All that is wanted is the exact lines from the first line of the data below through the line with "永州东安县加隽薯业芝麻红薯薄片200gX6包3种口味搭配", both ends included, with pictures omitted.

[Opening Supplied records section]

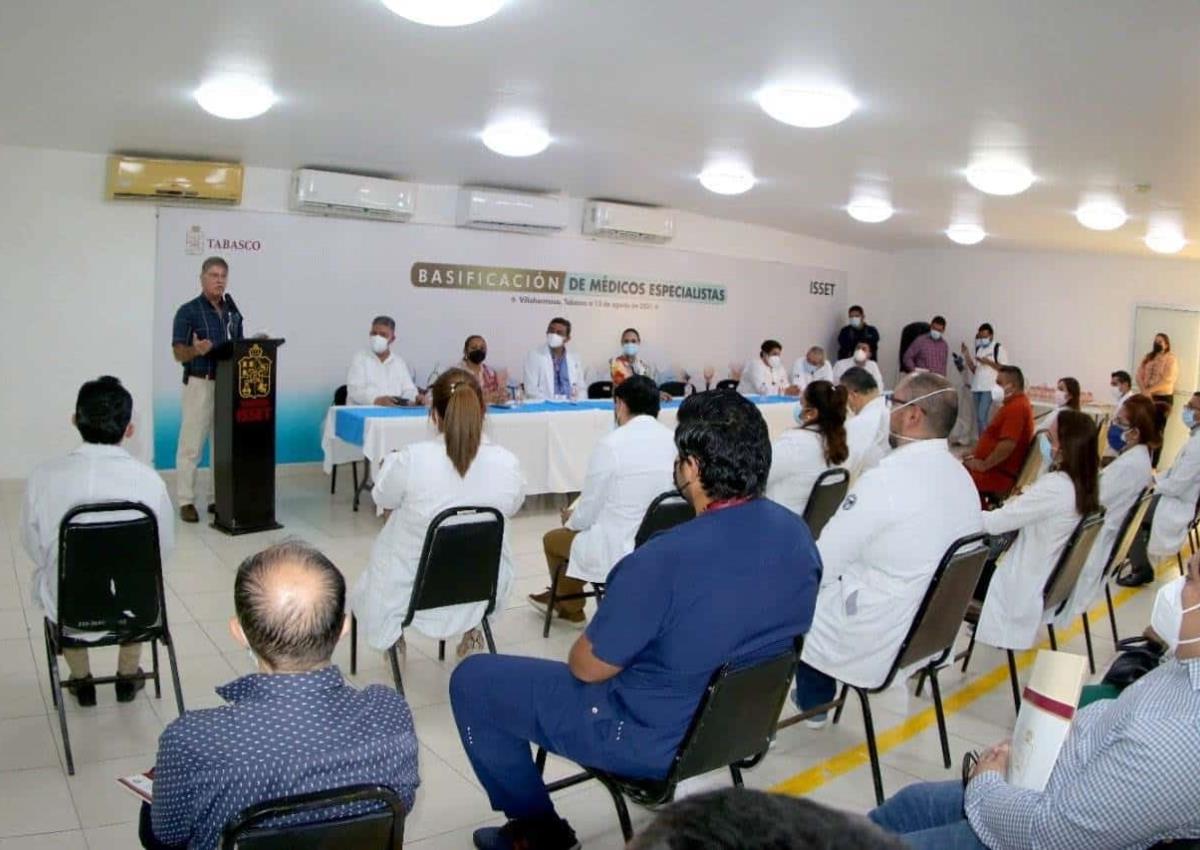 Ante la demanda de especialistas en el país y el estado, y la oferta por parte de otros sistemas de salud, Mayans Canabal informó que en coordinación con el Sindicato Único Independiente de Trabajadores del Instituto de Seguridad Social del Estado de Tabasco (SUITISSET), tomó la decisión de entregar las plazas a los médicos que cumplieron con los requisitos, para que tengan certeza laboral y la confianza de permanecer al ISSET.
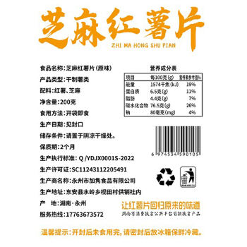 永州东安县加隽薯业芝麻红薯薄片200gX6包3种口味搭配
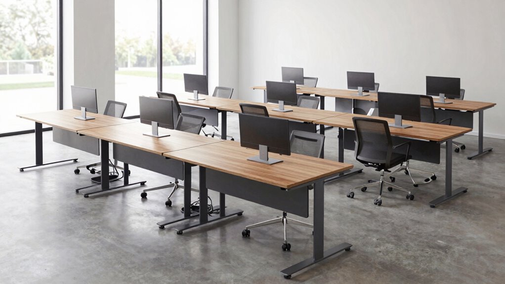 When considering a standing desk with a cable tray, ease of assembly is a crucial factor that can save you time and frustration. I look for desks with tool-free setup options like clamp-on or adhesive-based attachments, which make installation quick and straightforward. Clear instructions or visual guides for attaching the cable tray are a huge plus, helping me avoid guesswork. I also check the number of parts and overall complexity; ideally, I want to assemble everything within an hour. Pre-drilled holes or modular components that simplify attaching the tray are big advantages, ensuring a secure fit without hassle. Additionally, detailed assembly videos or reliable customer support can make the process even smoother if I run into challenges. This focus helps me get my workspace ready with minimal stress.
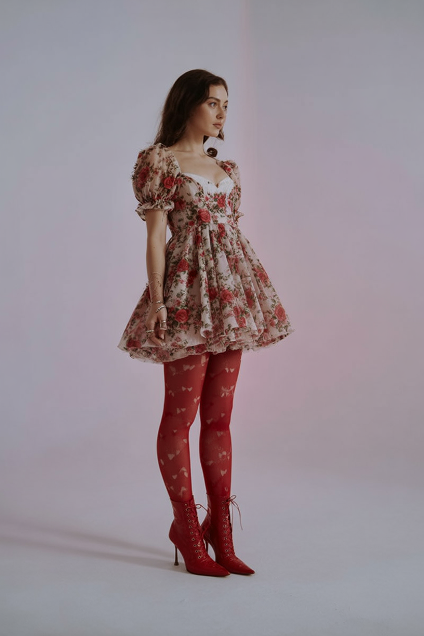 2. Vintage Floral Puff-Sleeve Mini with Romantic Tights
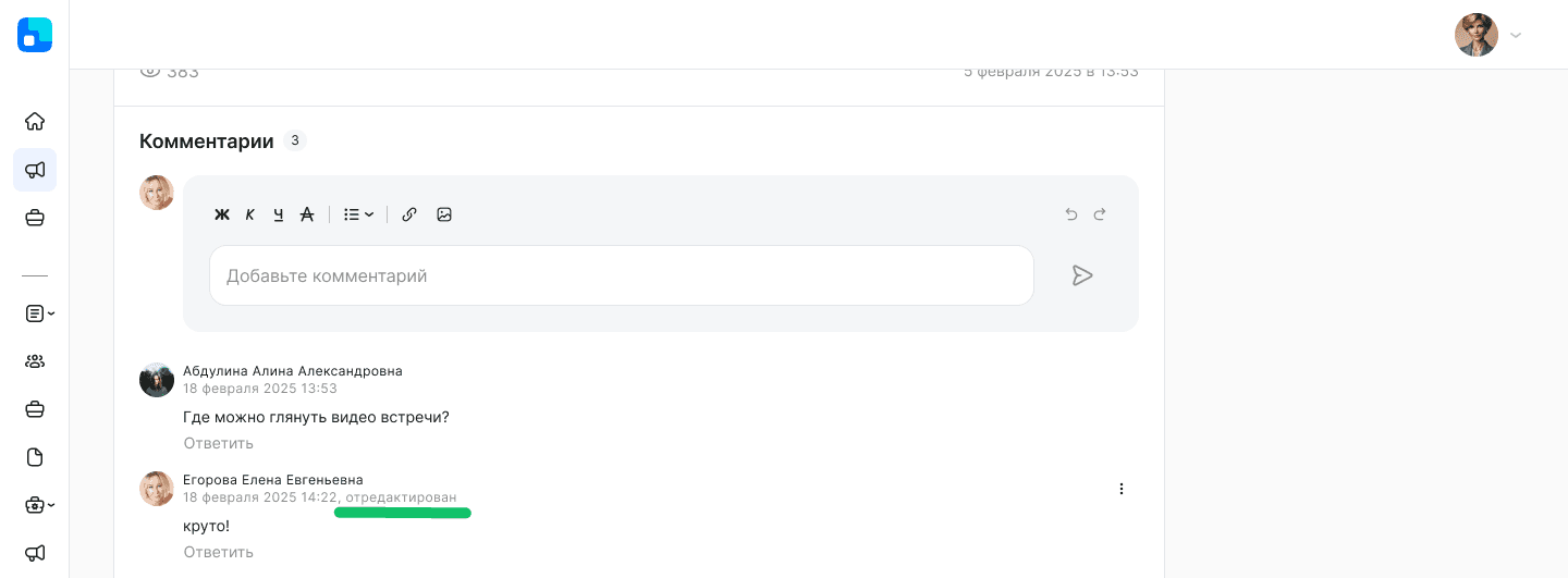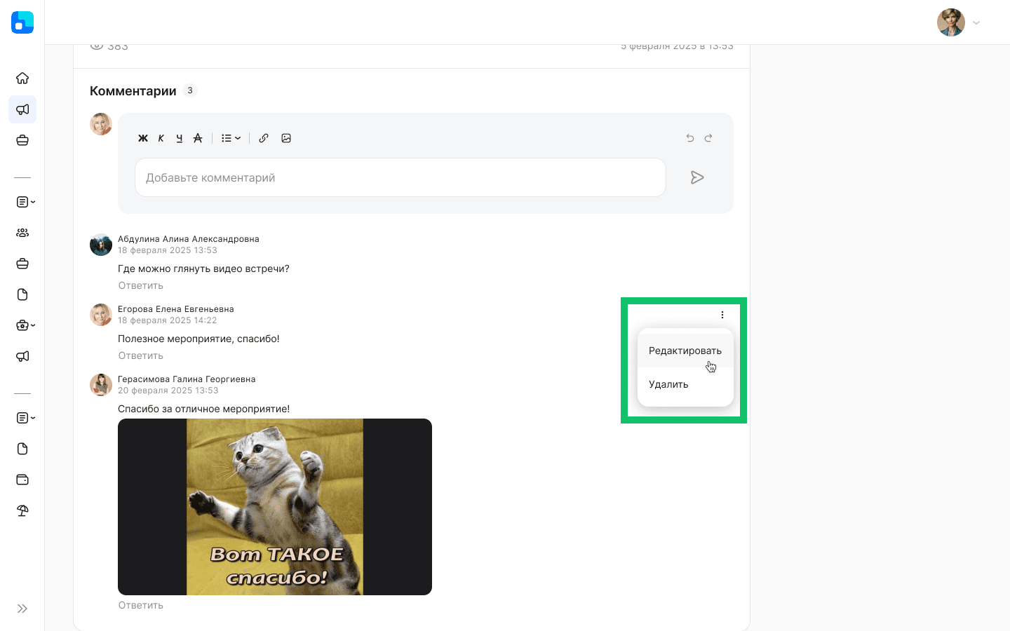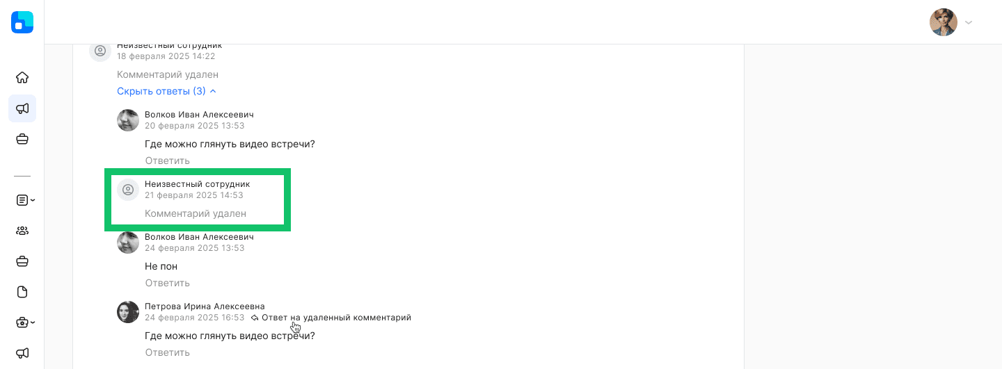 После удаления комментария вместо него будет отображаться метка «Комментарий удален», а на месте ФИО пользователя указан текст «Неизвестный сотрудник». Ответы на комментарий при наличии отображаются.
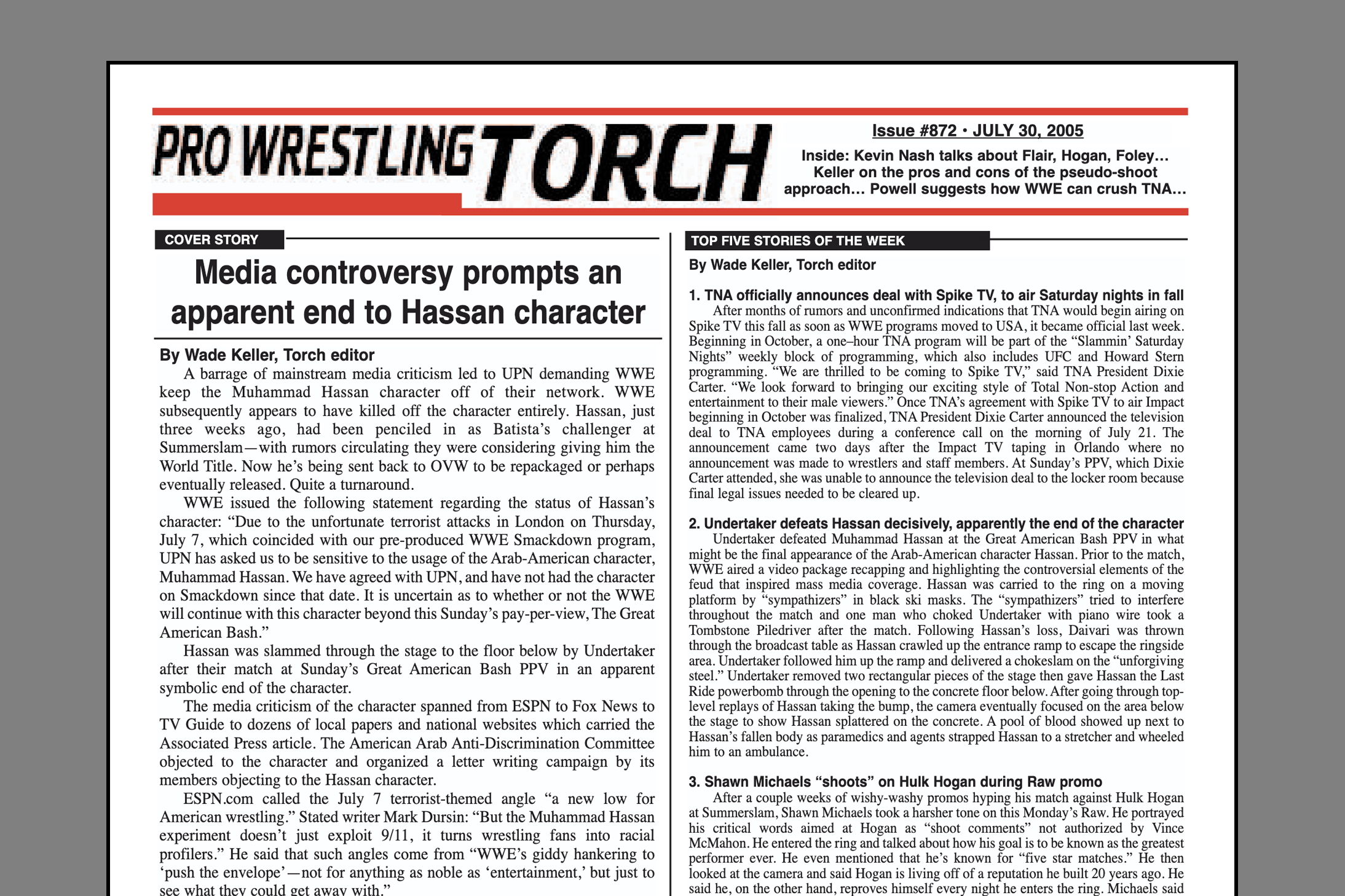 SUMMARY of #872 cover-dated July 30, 2005: The cover story presents an overview of the media barrage that led to the end of the Muhammad Hassan character… Detailed Great American Bash coverage including Keller’s match report with star ratings, Roundtable Reviews from the Torch staff, and reader reax… Jason Powell’s feature column looks at how WWE can crush TNA out of the gate… Pat McNeill looks at a recent IWA Mid-South DVD release… Bruce Mitchell’s Memo presents ideas for WWE.com… Kevin Nash’s Torch Talk, installment no. 15, includes his thoughts on Hulk Hogan, Ric Flair, Clique power, Mick Foley, and more… Plus WWE Newswire, TNA Newswire, OVW Newswire, Top Five Stories of the Week, The Raw Big Story, The Smackdown Big Story, The OVW Big Story, The TNA Impact Big Story, End Notes with Wade Keller, and more…

[Closing Supplied records section]

Output of the task —
 Ante la demanda de especialistas en el país y el estado, y la oferta por parte de otros sistemas de salud, Mayans Canabal informó que en coordinación con el Sindicato Único Independiente de Trabajadores del Instituto de Seguridad Social del Estado de Tabasco (SUITISSET), tomó la decisión de entregar las plazas a los médicos que cumplieron con los requisitos, para que tengan certeza laboral y la confianza de permanecer al ISSET.
 永州东安县加隽薯业芝麻红薯薄片200gX6包3种口味搭配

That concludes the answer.